Design

A Terminus program consists of two parts: the Program that describes what we want to do, and the interpreter that carries out those actions. Terminus user spend their time creating Programs, but don't think much about how the interpreter works. In this section we describe the implementation of the interpreters and the Programs that use them.

Programs and Effects

A Program is a context function with type Terminal ?=> A, where Terminal is some backend specific type. The Terminal type is backend specific because different terminals support different features. For example, the Javascript xterm.js doesn't have a concept of raw mode because it doesn't intercept key presses in the first place; this is something that is managed by the browser.

When we call Terminal.run we carry out the description in the Program. This is the interpreter. It is split into two parts: function application, which is just passing a concrete Terminal instance to the Program, and the effects that are defined in that Terminal instance.

Implementing Effects

We want to support differences across terminals, but where common functionality exists we want to provide it through a common interface. The solution is to describe individual pieces of functionality as separate interfaces. For example, we have a Writer interface that allows us to write characters to the Terminal, Color for changing foreground and background colors, and so on. These interfaces, and their implementations, are called effects because they actually do things to the terminal.

A backend specific Terminal type is the union of the interfaces, or effects, that describe the functionality it supports. For example, here is the JVM Terminal type at the time of writing:

type Terminal =
    effect.AlternateScreenMode,
      effect.ApplicationMode,
      effect.Color,
      effect.Cursor,
      effect.Format,
      effect.Dimensions,
      effect.Erase,
      effect.KeyReader,
      effect.NonBlockingReader,
      effect.Peeker,
      effect.RawMode,
      effect.Reader,
      effect.Writer

As the above suggests, the interfaces defining the functionality live in the package terminus.effect.

Let's now see an example of an effect type.
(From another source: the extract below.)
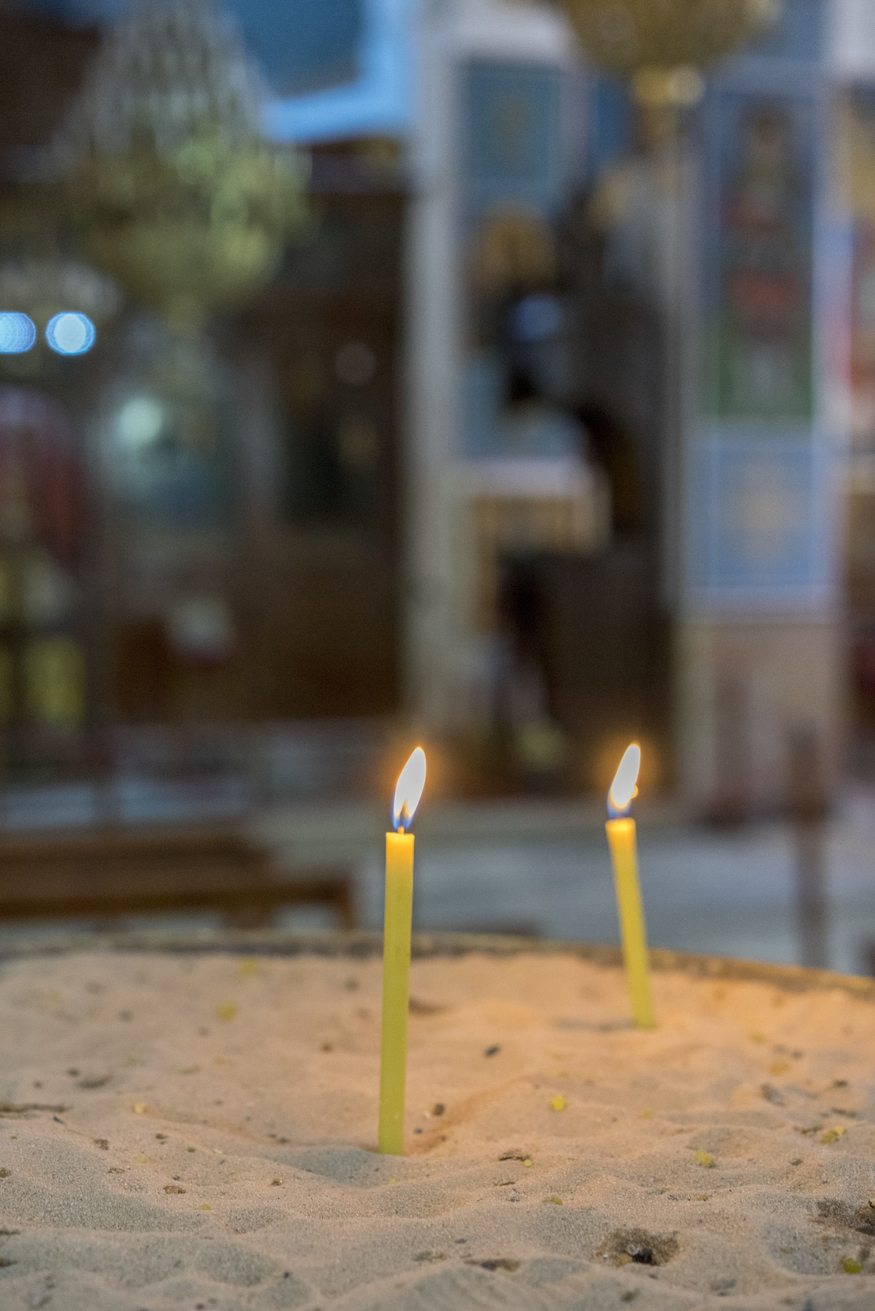 Объектив диафрагмирован из-за боязни получить бесформенное пятно на месте свечей. Огни удались на славу: отлично видна структура пламени.

Here's Writer, one of the most basic types:

/** Interface for writing to a console. */
trait Writer extends Effect {

  /** Write a character to the console. */
  def write(char: Char): Unit

  /** Write a string to the console. */
  def write(string: String): Unit

  /** Flush the current output, causing it to be shown on the console. */
  def flush(): Unit
}

As we can see, it just defines some abstract methods that will be implemented in a backend specific way. The effect type can provide a default implementation where there is a reasonable cross-backend way to do so. Here's Erase, which sends standard escape codes. A backend specific implementation could override this if there was some advantage to doing so.
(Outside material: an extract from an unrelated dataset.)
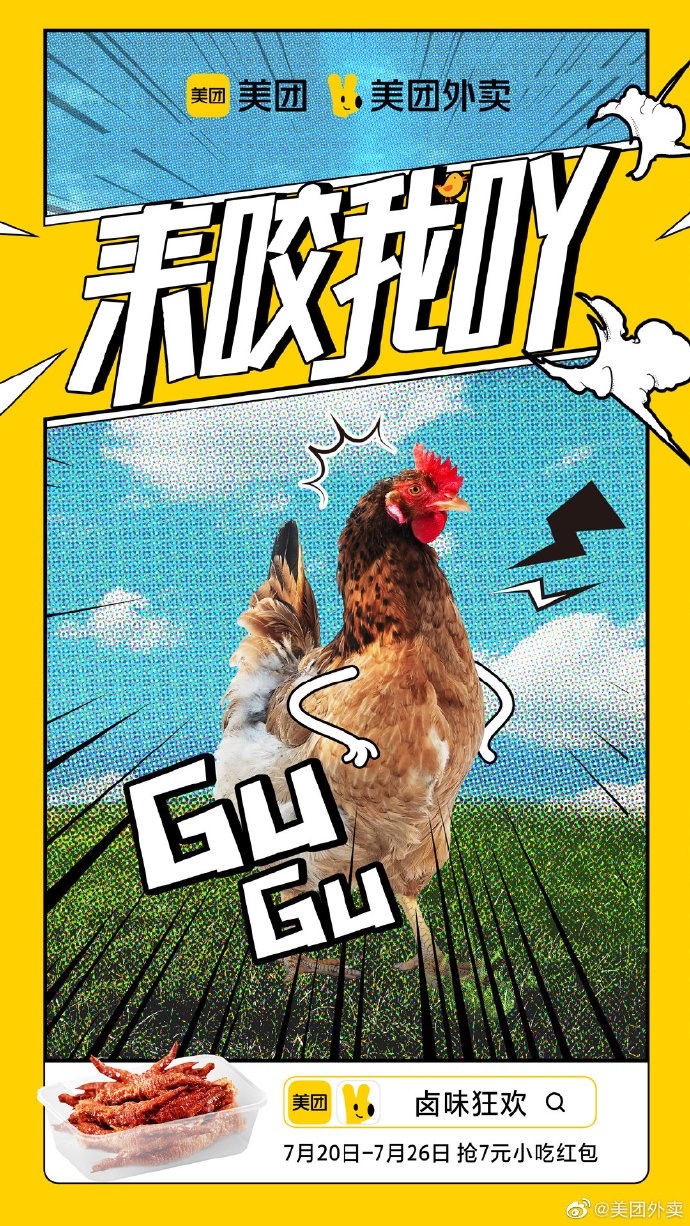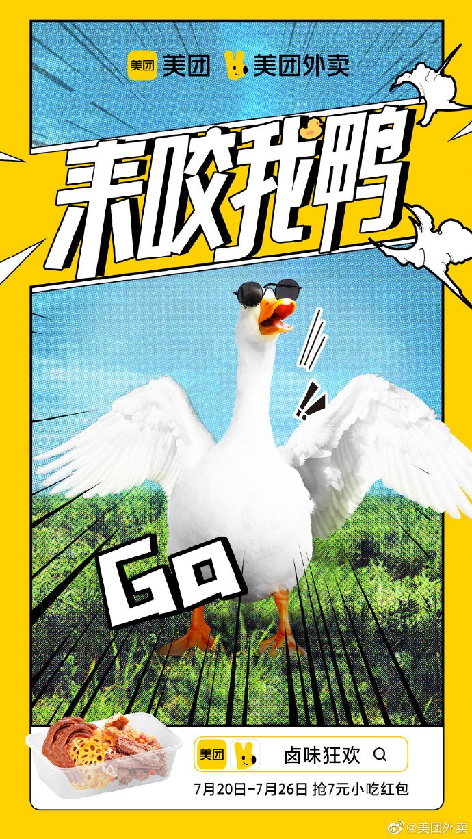 美团以“鸭”拟人化的语气调侃打工人现实生活中的苦闷,挑衅的语气激起人们大快朵颐的欲望,以轻松有趣的方式展现「生活有滋有味,就要来点卤味」的主题。

/** Functionality for clearing contents on the terminal. */
trait Erase extends Writer {
  object erase {

    /** Erase the entire screen and move the cursor to the top-left. */
    def screen(): Unit =
      write(AnsiCodes.erase.screen)

    /** Erase from current cursor position to the end of the screen. */
    def down(): Unit =
      write(AnsiCodes.erase.down)

    /** Erase from current cursor position to the start of the screen. */
    def up(): Unit =
      write(AnsiCodes.erase.up)

    /** Erase the current line. */
    def line(): Unit =
      write(AnsiCodes.erase.line)
  }
}

There are a few things to note:

1. Erase extends Writer, and uses the write method from Writer.
2. The methods are name-spaced by putting them inside an object named erase. This is aesthetic choice, leading to method calls like erase.up() and cursor.up() instead of eraseUp() and cursorUp().

There is one final kind of effect that is more involved, which is an effect that only applies to some scope. Format is an example, as is Color. These all change the way output is formatted, but only for the Program they take as a parameter. For example, when we create a program like

Terminal.invert(Terminal.write("Inverted"))
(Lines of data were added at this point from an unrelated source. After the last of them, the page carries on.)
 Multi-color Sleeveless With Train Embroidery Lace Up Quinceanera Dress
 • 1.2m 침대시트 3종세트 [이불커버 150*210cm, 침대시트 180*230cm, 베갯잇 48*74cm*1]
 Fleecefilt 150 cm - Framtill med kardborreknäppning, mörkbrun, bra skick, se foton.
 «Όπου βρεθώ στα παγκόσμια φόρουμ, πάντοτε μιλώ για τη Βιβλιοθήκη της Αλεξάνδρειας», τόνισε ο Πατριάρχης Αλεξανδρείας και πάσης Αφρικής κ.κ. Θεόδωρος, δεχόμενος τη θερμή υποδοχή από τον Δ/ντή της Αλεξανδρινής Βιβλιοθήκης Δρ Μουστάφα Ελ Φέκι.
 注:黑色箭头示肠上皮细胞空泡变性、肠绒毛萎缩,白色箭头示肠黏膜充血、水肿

we want only the Program inside the call to Terminal.invert (that Program is Terminal.write("Inverted")) to be formatted with inverted text.

Here's part of the implementation of Format, which is a bit simpler than Color.

trait Format extends WithStack, WithToggle { self: Writer =>
  object format {
    // ...

    private val invertToggle =
      Toggle(AnsiCodes.format.invert.on, AnsiCodes.format.invert.off)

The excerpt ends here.